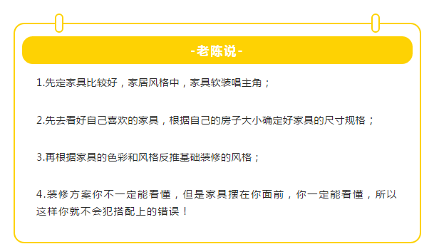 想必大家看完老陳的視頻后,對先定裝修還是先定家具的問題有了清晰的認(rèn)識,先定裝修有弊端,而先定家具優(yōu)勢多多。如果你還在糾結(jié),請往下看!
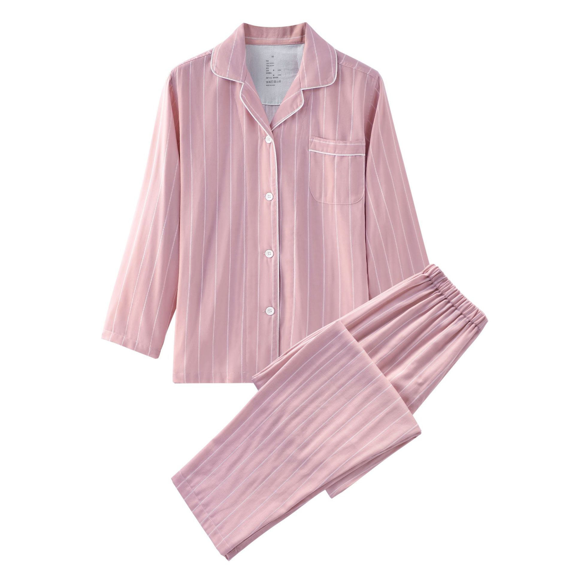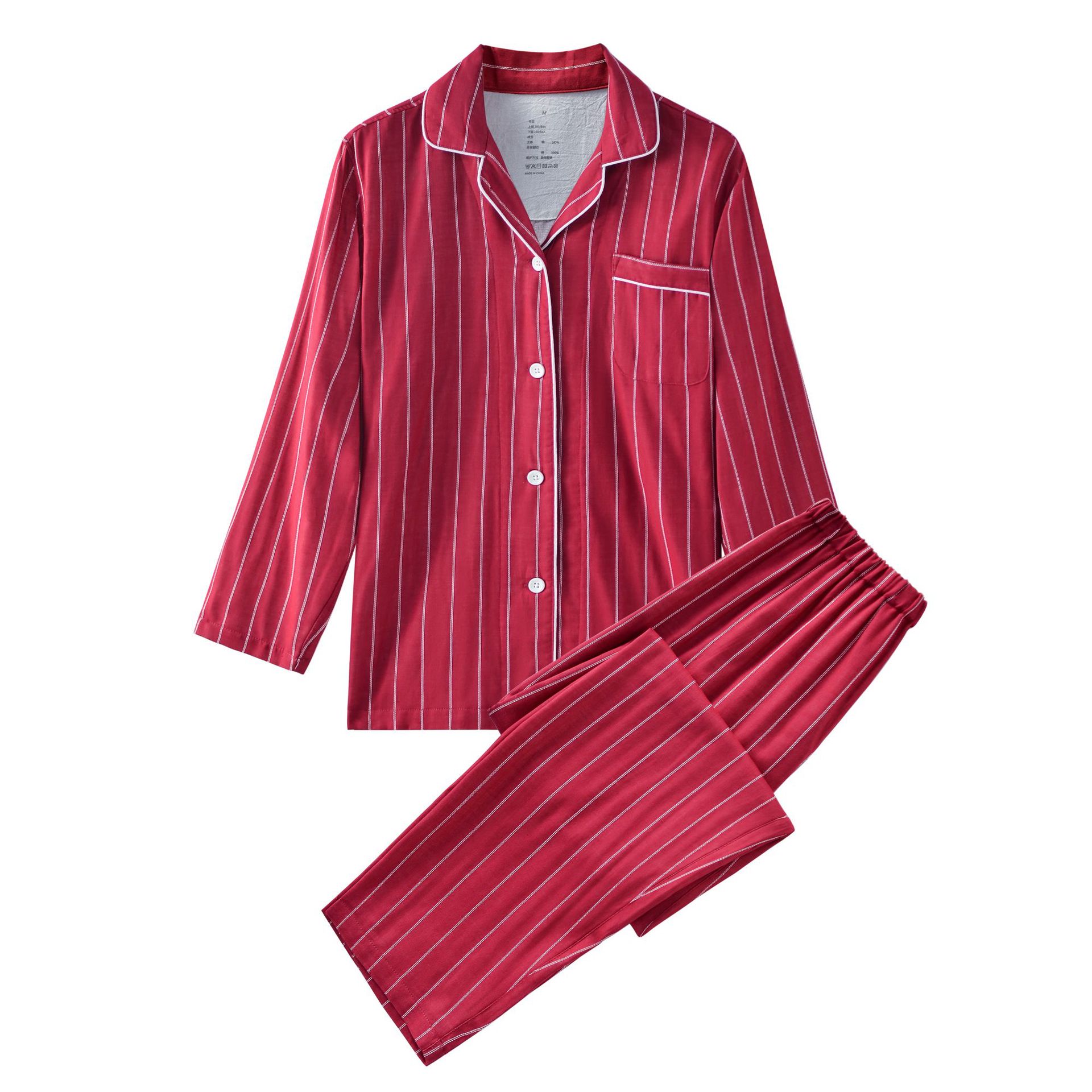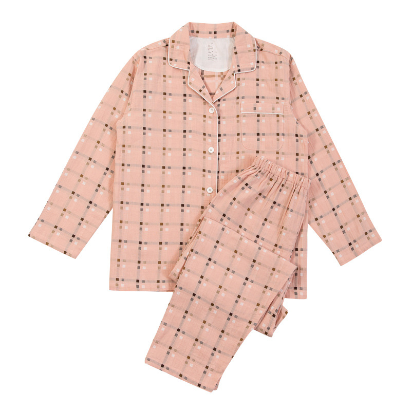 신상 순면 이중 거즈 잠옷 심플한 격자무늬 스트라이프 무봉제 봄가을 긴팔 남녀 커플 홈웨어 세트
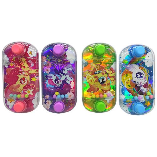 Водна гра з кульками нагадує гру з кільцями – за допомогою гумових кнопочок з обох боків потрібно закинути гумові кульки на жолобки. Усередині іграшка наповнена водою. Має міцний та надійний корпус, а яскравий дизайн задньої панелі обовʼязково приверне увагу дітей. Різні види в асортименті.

## [To do]
Give the data again word for word, without images.

## [Task output]
 想必大家看完老陳的視頻后,對先定裝修還是先定家具的問題有了清晰的認(rèn)識,先定裝修有弊端,而先定家具優(yōu)勢多多。如果你還在糾結(jié),請往下看!
 신상 순면 이중 거즈 잠옷 심플한 격자무늬 스트라이프 무봉제 봄가을 긴팔 남녀 커플 홈웨어 세트
 Водна гра з кульками нагадує гру з кільцями – за допомогою гумових кнопочок з обох боків потрібно закинути гумові кульки на жолобки. Усередині іграшка наповнена водою. Має міцний та надійний корпус, а яскравий дизайн задньої панелі обовʼязково приверне увагу дітей. Різні види в асортименті.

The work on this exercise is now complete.